Mufaro Kanyangarara '07 and Getrude Chimhungwe '08 have won a $10,000 grant from the Kathryn Wasserman Davis 100 Projects for Peace program to help a community organization in Zimbabwe treat and support AIDS orphans. They received an additional $7,000 in funding from the Dorothy Ann Foundation.
With the grant money, the students will work with Tsungirirai, a nonprofit organization outside of the capital city Harare, to build a chicken farm that will help generate long-term income for its on-site health clinic. Tsungirirai was founded in 1997 by a group of Mount Holyoke alumnae.

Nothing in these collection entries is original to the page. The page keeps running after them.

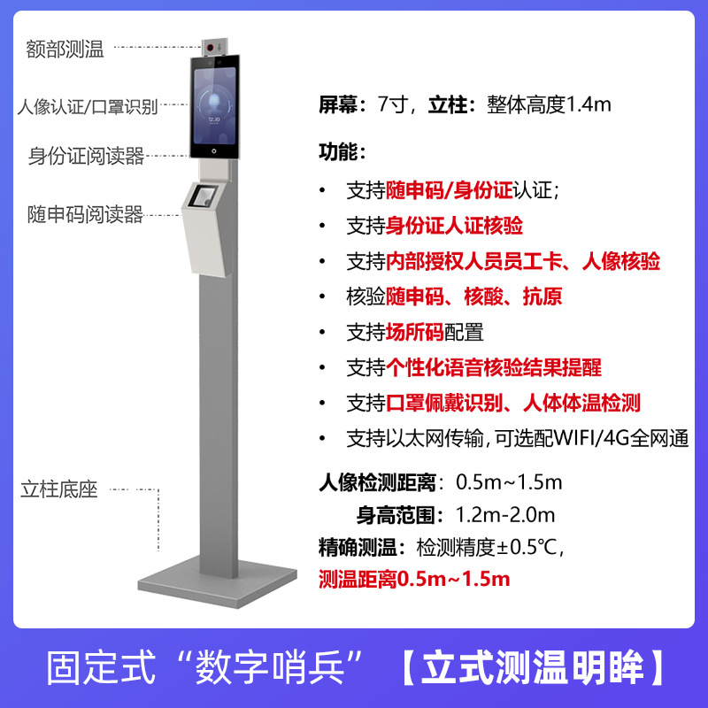 ZUCON祖程數字哨兵健康隨申場所碼電子數字哨兵人臉測溫刷卡身份證上海復工復產防疫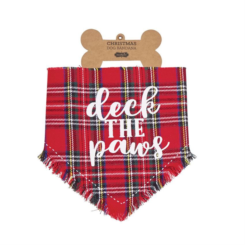 Tartan canvas dog bandana. Features printed sentiment, frayed edge detail and hook and loop closure.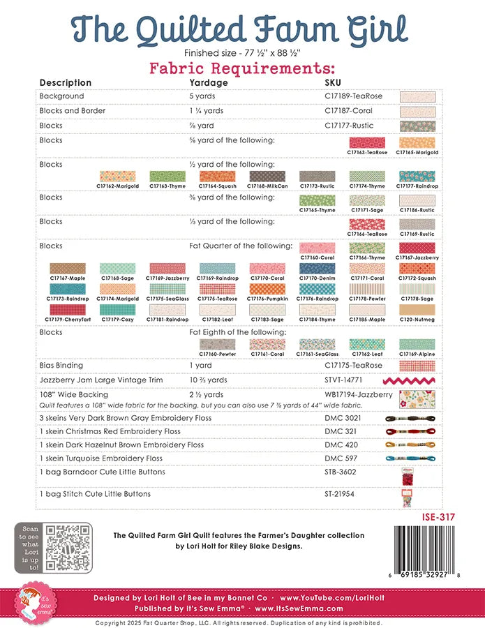 The Quilted Farm Girl Cross Stitch Pattern comes with full-color instructions, diagrams and supply list, including suggested Classic Colorworks and DMC floss. It is printed on durable 8.5" x 11" cardstock. The cross stitch is designed to work on 25 count Lugana and finishes at 12.375" x 14".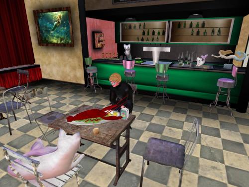 “I’m Catvas II, actually,” the feline across from her corrected while purring over the dinner. “You can tell the difference by my fishtail, which Catvas I doesn’t have. Instead she has the wings of a bird. In truth, The Bill, I think you might be losing your grip. The chess battle is turning your mind soft and fuzzy, like Stan over there.” Catvas II nods toward the hairier cat washing dishes tonight. “I suggest: withdraw from the match. If black wins, that might also be the end of *you*.”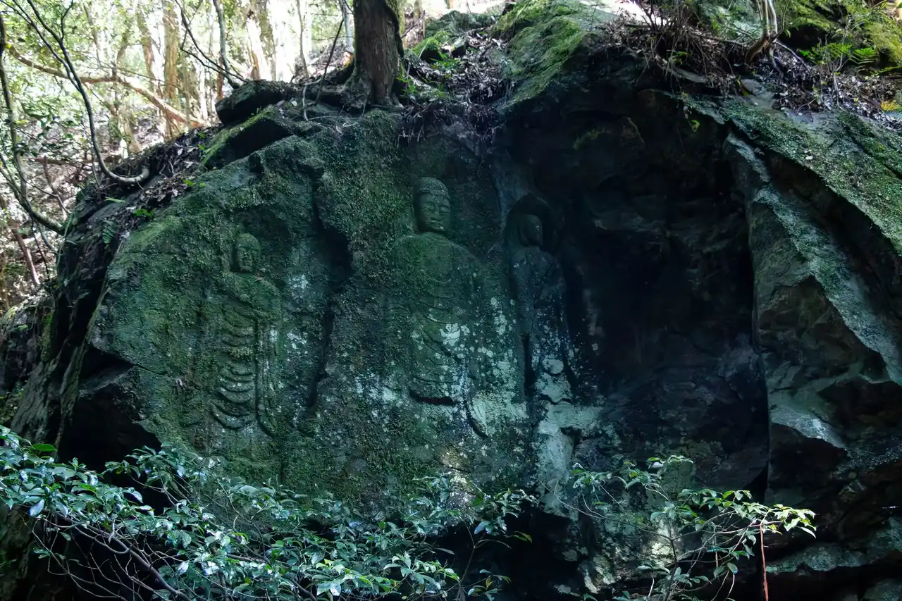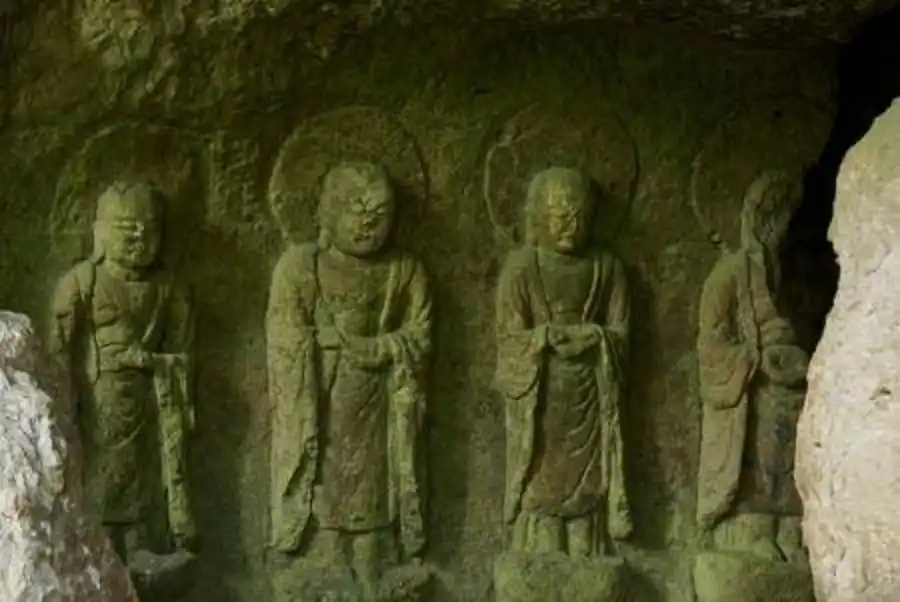 洞窟の壁面に彫られた石仏群「春日山石窟仏」は国指定の史跡となっている |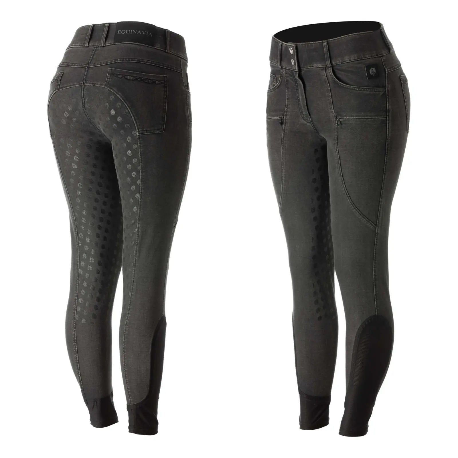The Equinavia Helena Women’s Denim Full Seat Breeches are made from a lightweight denim blend with plenty of stretch, offering all-day comfort and flexibility both in and out of the saddle. The mid-rise cut features a 2 1/4-inch waistband with double Gutos hook-slide closures for a secure yet unrestrictive fit. Classic 5-pocket styling is modernized with extra-deep front scoop pockets and two discreet zippered thigh compartments—both large enough to hold a smartphone. A silicone full seat ensures grip without bulk, while the mesh sock bottoms reduce pressure under tall boots. Finished with YKK zipper hardware and subtle, bridle-inspired back pocket stitching, these breeches strike the perfect balance between function and equestrian fashion.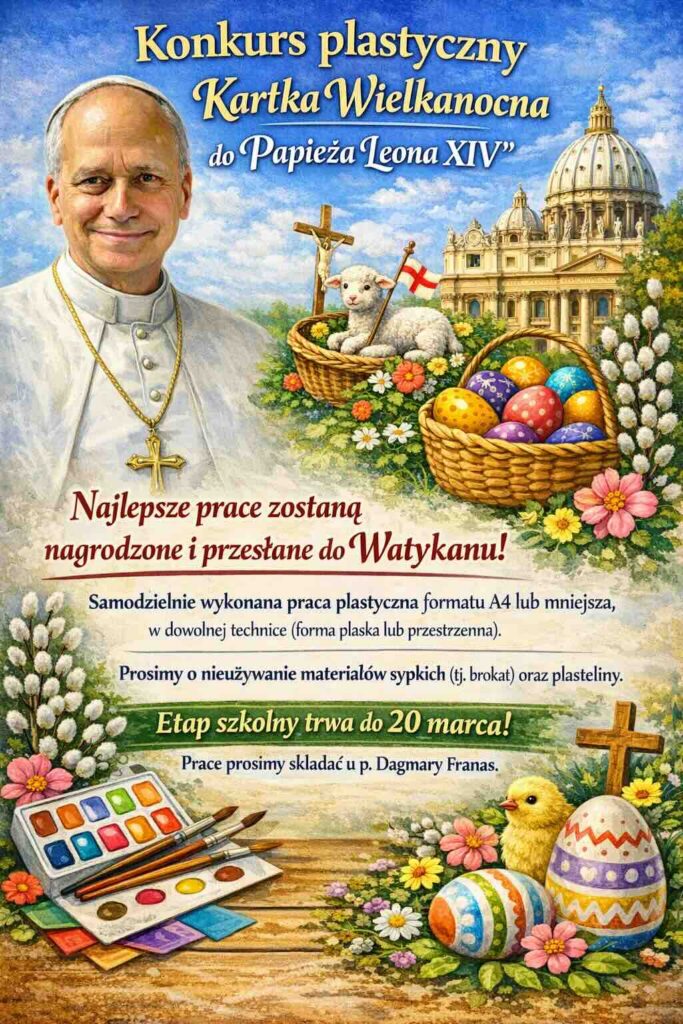 Kartka Wielkanocna dla Papieża Leona XIV Post published:1 marca 2026 regulamin_konkurs_kartka_wielkanocna_do_papieza_leona Może ci się spodobać również Bezpieczne ferie 2025 23 stycznia 2025 Wiara, nadzieja i miłość 4 kwietnia 2025 Lista kandydatów do klasy pierwszej 22 kwietnia 2024

Kanyangarara and Chimhungwe grew up in Zimbabwe, where they experienced firsthand the devastation that the AIDS epidemic has caused in their country. With an adult HIV prevalence rate of 25 percent, Zimbabwe has one of the most severe epidemics in the world. As the students wrote in their grant proposal, HIV/AIDS has increased poverty levels and put orphans at greater risk of physical, mental, and social problems, and exorbitant medication costs have denied orphans their right to access healthcare.
"The greatest population that's affected by AIDS in Zimbabwe is children," Kanyangarara said. "When a mother becomes infected, the first person that's affected is the child. Money that was set aside for education goes to medicine, and the child can no longer go to school."
The students chose to work with Tsungirirai because, unlike many other institutions, it tries to keep orphans with their extended family when possible. They also focused on a health-care provider, since both are interested in working in that field. Kanyangarara, a statistics major, will be pursuing a master's in biostatistics and infectious disease epidemiology at Harvard after graduation. She has a strong interest in HIV/AIDS and in the design and implementation of effective prevention and treatment programs.
Chimhungwe is majoring in chemical engineering and chemistry and hopes to work in the pharmaceutical industry manufacturing drugs and vaccinations.
Kanyangarara and Chimhungwe have always known they wanted to do something to give back to their country, and both have already worked with various community organizations in Zimbabwe. In December 2006, Chimhungwe raised more than $900 to buy and distribute Christmas baskets for families at Chiedza Child Care Center and Tariro in Harare.
Kanyangarara, who lost both her mother and father to AIDS, has worked with several community-based organizations as a volunteer and Web designer. She also has ample experience working on her grandfather's chicken farm. "This is my way of giving back to my parents," she said. "It's just what I'm drawn to do."
The two chose to focus on chicken and egg production since there is an increased demand for eggs and poultry meat in Zimbabwe due to high prices of beef and other meats. The project will raise 250 chickens to maturity every 16 weeks, and chickens and eggs will be sold to supermarkets and the local community. Profits will then be used to expand and sustain health services at Tsungirirai.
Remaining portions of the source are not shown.